The Costs Side by Side¶
Let's lay the three sorts (plus the serial baseline) next to each other so the trade-offs are vivid:
Work Span Oblivious? Used for
serial merge sort Θ(n log n) Θ(n log n) — one core; the baseline
parallel merge sort Θ(n log n) Θ(log² n) no theory; shared-memory tasks
bitonic sort Θ(n log² n) Θ(log² n) YES GPUs, SIMD, hardware circuits
sample sort Θ(n log n)* (small)** no real multicore & distributed
* sample sort's work is the bucketing (Θ(n)) plus sorting each bucket
(Σ bucket-sizes × log = Θ(n log n) total).
** its span depends on the biggest bucket; with balanced splitters, small.
The story each row tells:
- Serial merge sort — optimal work, but span = work, so zero parallelism. The thing to beat.
- Parallel merge sort — same work as serial, but span crushed to
log² n. The cleanest demonstration that "reshape for small span" works. Its only soft spot is the data-dependent merge (irregular, harder on GPUs). - Bitonic sort — a
log nfactor more work, but oblivious — fixed comparisons that map perfectly to lockstep hardware. The right choice when regularity matters more than minimal work (GPUs). - Sample sort — near-optimal work and "embarrassingly parallel" once splitters are chosen, matching real machines with a few cores and separate memories. The practical winner, at the cost of needing good splitters to stay balanced.
There's no single "best" — the right sort depends on your hardware. Lots of tiny lockstep lanes (GPU)? Bitonic's obliviousness wins. A few big cores with shared memory? Parallel merge sort or sample sort. A cluster of machines, each with its own memory? Sample sort, almost always. What they share is the lesson of this whole section: each one keeps the work near Θ(n log n) while reshaping the computation so the span is far below the serial n log n. That reshaping is the entire game.
The unifying idea: all three parallel sorts do roughly the same total comparisons as serial sorting — you can't beat
n log nwork. What they do is rearrange those comparisons into a shape with tiny span (log² nor a small max-bucket), so the parallelism= work/spanis enormous and real processors stay busy. Span, not work, is what separates a sort that scales from one that doesn't.
Code: Parallel Merge by Rank¶
Let's make the central trick runnable. The heart is parallelMerge: each element computes its own output index (rank) via binary search, then writes there. We simulate the "all at once" with a loop — but every iteration is independent, so on real hardware they'd all fire simultaneously. The tie-breaking rule (< when searching the right array for a left element, ≤ the other way) keeps equal elements in distinct, adjacent slots and makes the merge stable.

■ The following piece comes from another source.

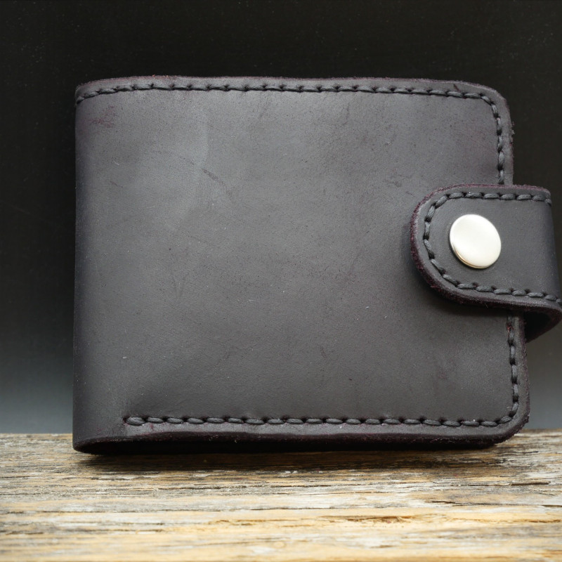Piniginė dygsniuota rankomis, pagaminta iš "Top-grain", mineralinio raugo odos. Unikalus įpatumas šio gaminio, kad ši uoda dažyta papildomai rankomis juodais dažais, o gamykloje dažyta bordine spalva. Laikui bėgant bus išgaunamas "trinamos odos" efektas, kai pradės ryškėti bordinė spalva.

Python: parallel merge by rank¶
import bisect
def parallel_merge(L, R):
"""
Merge two sorted lists by having each element compute its own output index
(its rank) via binary search, then write itself there.
Every rank computation is INDEPENDENT → span Θ(log n), work Θ(n log n).

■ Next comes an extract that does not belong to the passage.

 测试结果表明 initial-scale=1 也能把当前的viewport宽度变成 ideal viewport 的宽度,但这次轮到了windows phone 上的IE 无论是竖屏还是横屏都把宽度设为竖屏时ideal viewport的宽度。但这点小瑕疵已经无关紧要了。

The loops below merely SIMULATE the simultaneous, collision-free writes.
"""
n = len(L) + len(R)
out = [None] * n
# Each element of L finds its slot, independently.
for i, x in enumerate(L):
# rank = (#elements before x in L) + (#elements of R strictly smaller than x)
# bisect_left(R, x) = how many entries of R are < x (tie-break: L wins ties)

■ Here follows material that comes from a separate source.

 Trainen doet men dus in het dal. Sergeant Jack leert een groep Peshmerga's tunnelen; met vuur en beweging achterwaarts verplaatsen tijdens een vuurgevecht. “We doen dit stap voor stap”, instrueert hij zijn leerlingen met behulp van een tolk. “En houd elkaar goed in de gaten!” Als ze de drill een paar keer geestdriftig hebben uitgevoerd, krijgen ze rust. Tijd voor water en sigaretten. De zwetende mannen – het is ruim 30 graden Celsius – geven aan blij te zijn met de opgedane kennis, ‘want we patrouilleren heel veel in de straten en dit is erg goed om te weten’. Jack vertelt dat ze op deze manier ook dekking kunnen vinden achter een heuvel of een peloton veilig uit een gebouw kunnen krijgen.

cross = bisect.bisect_left(R, x)
out[i + cross] = x # write to my OWN distinct slot — no collision
# Each element of R finds its slot, independently.
for j, y in enumerate(R):
# bisect_right(L, y) = how many entries of L are <= y (the matching tie-break)
cross = bisect.bisect_right(L, y)
out[j + cross] = y
return out
if __name__ == "__main__":
L = [2, 5, 8]
R = [1, 3, 6, 9]
print("L =", L)
print("R =", R)
print("merged:", parallel_merge(L, R)) # [1, 2, 3, 5, 6, 8, 9]
# ties: 5 appears in both — they must land in distinct slots
A = [1, 4, 5, 9]
B = [2, 5, 6]
print("with ties:", parallel_merge(A, B)) # [1, 2, 4, 5, 5, 6, 9]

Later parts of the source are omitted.